Veterans are a higher risk group because of their sacrifices to protect our nation. Among patients at Department of Veterans Affairs facilities, prostate cancer accounts for over 31% of all cancer diagnoses, which is no surprise if you know the prevalence — 200,000 veterans are survivors and an estimated 12,000 new patients are diagnosed annually.

Thankfully, there has been significant innovation in improving early detection of cancer. The use of advanced genomic tests is helping better determine a veteran’s risk of harboring undetected prostate cancer.

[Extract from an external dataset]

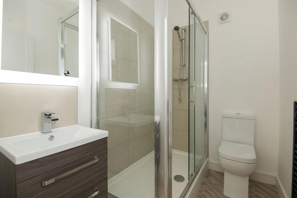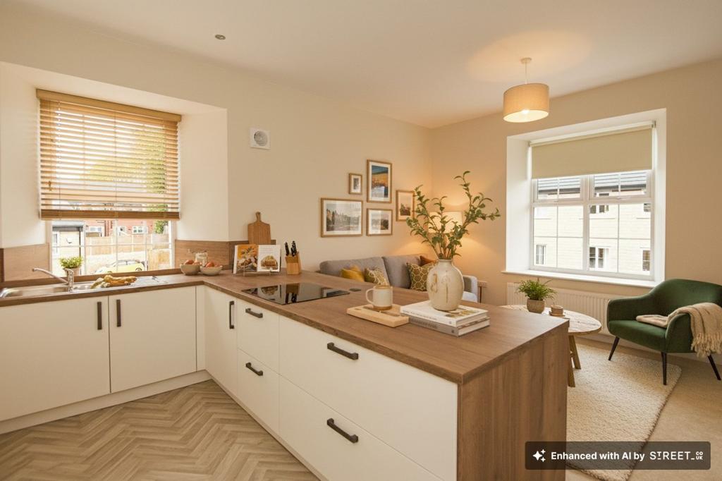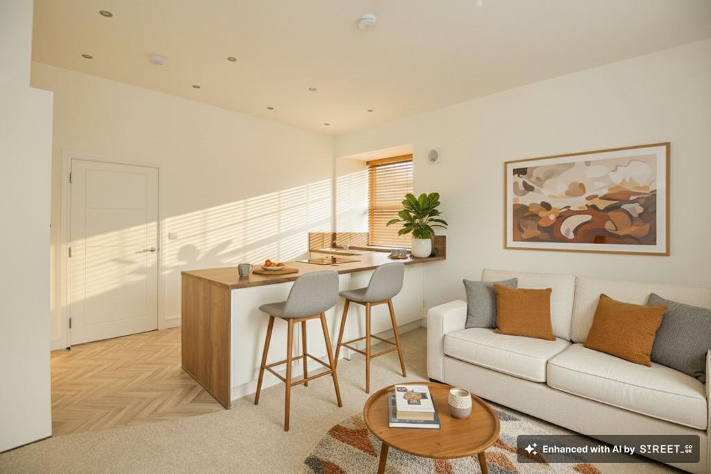 The superb open-plan living area provides plenty of room to relax and entertain, with space for both seating and dining, while the modern fitted kitchen is finished with sleek cabinetry and integrated appliances. Two well-proportioned bedrooms offer flexibility for guests or home working, and the stylish shower room is designed with a clean, modern aesthetic.

A prostate biopsy is the only way a doctor is able to diagnose prostate cancer. The procedure requires a physician to use a needle biopsy tool to remove 12 small prostate samples through the patient’s rectum. However, since less than 1% of the prostate is biopsied, there is a possibility the biopsy needle simply missed cancer cells, which happens in about 25% to 35% of biopsies. Understandably, the possibility of missed cancer is stressful for men and their doctor.

Most men will die with prostate cancer rather than of prostate cancer. Even if prostate cancer is detected, it may be best for the patient to live with the disease if it is the non-aggressive form. Active surveillance, the process of monitoring rather than treating non-aggressive cancer, may be recommended when the risks or side effects of cancer treatment (like surgery and radiation) outweigh their potential benefits.

Fortunately, the rapid evolvement of genomic testing is allowing urologists to detect cancer significantly earlier and make treatment decisions with more confidence. These tests can identify changes in DNA to confirm or rule out a suspected condition, such as cancer, or help determine a person’s risk of aggressive disease that needs to be treated right away. Precision medicine gives us — that is, both urologists and our patients — more information to make better clinical decisions.

While all of this innovation is incredible, it’s important for veterans to advocate for their health and the adoption of these tools by health systems, including the Veterans Health Administration. Some of the VHA’s biggest concerns — long wait times, cost, quality of care — can be addressed with the uptake of genomic testing. Given the significant number of veteran prostate cancer survivors, one of the biggest issues is overtreatment of non-aggressive prostate cancer. Urologists sometimes diagnose and overtreat men with slow-growing, non-aggressive cancer, which will likely never impact the patient’s daily life or health, who then undergo unnecessary treatment with unpleasant side effects.

VHA urologists now have access to better tools — there are currently many genomic tests for prostate cancer available to federal government health care providers including ConfirmMDx, SelectMDx, OncotypeDx and Prolaris.

For the second year in a row, the House Appropriations subcommittee on Military Construction, Veterans Affairs, and Related Agencies has directly encouraged the VHA to increase the use of prostate cancer biomarkers, particularly to address the common concern of false-negative biopsies, in its appropriations bill in both 2020 and 2019. This guidance from Congress opens the door for the use of precision medicine in VHA settings. Unfortunately, the widespread adoption of genomic tests in the VHA has been slow.

If prostate cancer is detected early, the five-year survival rate is nearly 100%. However, the five-year survival rate drops to 30% if the cancer has metastasized. Let’s face it — men often forget to prioritize their health, so getting fast, accurate results to drive down repeat appointments is critical to the health outcomes of thousands of veterans each year.

Urologists are unified behind one goal: to limit and ultimately eliminate the risk of death from prostate cancer by using precision medicine to identify men who are at an increased risk for developing aggressive, life-threatening forms of prostate cancer that need treatment.

For the largest integrated health care system in the U.S., change isn’t easy. However, with Congress recognizing the benefits of genomic tests and making these recommendations, we need to support the VHA in using these cost-efficient, life-saving tests. Veterans at risk of prostate cancer can be their own best advocates, and I encourage them to ask their physicians about genetic testing, no matter where they are on their prostate cancer diagnosis journey.

Dr. Leonard Gomella is the Bernard W. Godwin Jr. Professor of Prostate Cancer and Chairman of the Department of Urology at Jefferson Medical College in Philadelphia. He is also associate director for clinical affairs for the Sidney Kimmel Cancer Center at Jefferson and urology chairman for Radiation Therapy Oncology Group, serving as lead urology investigator on multiple national trials. Dr. Gomella is a paid adviser for MDxHealth.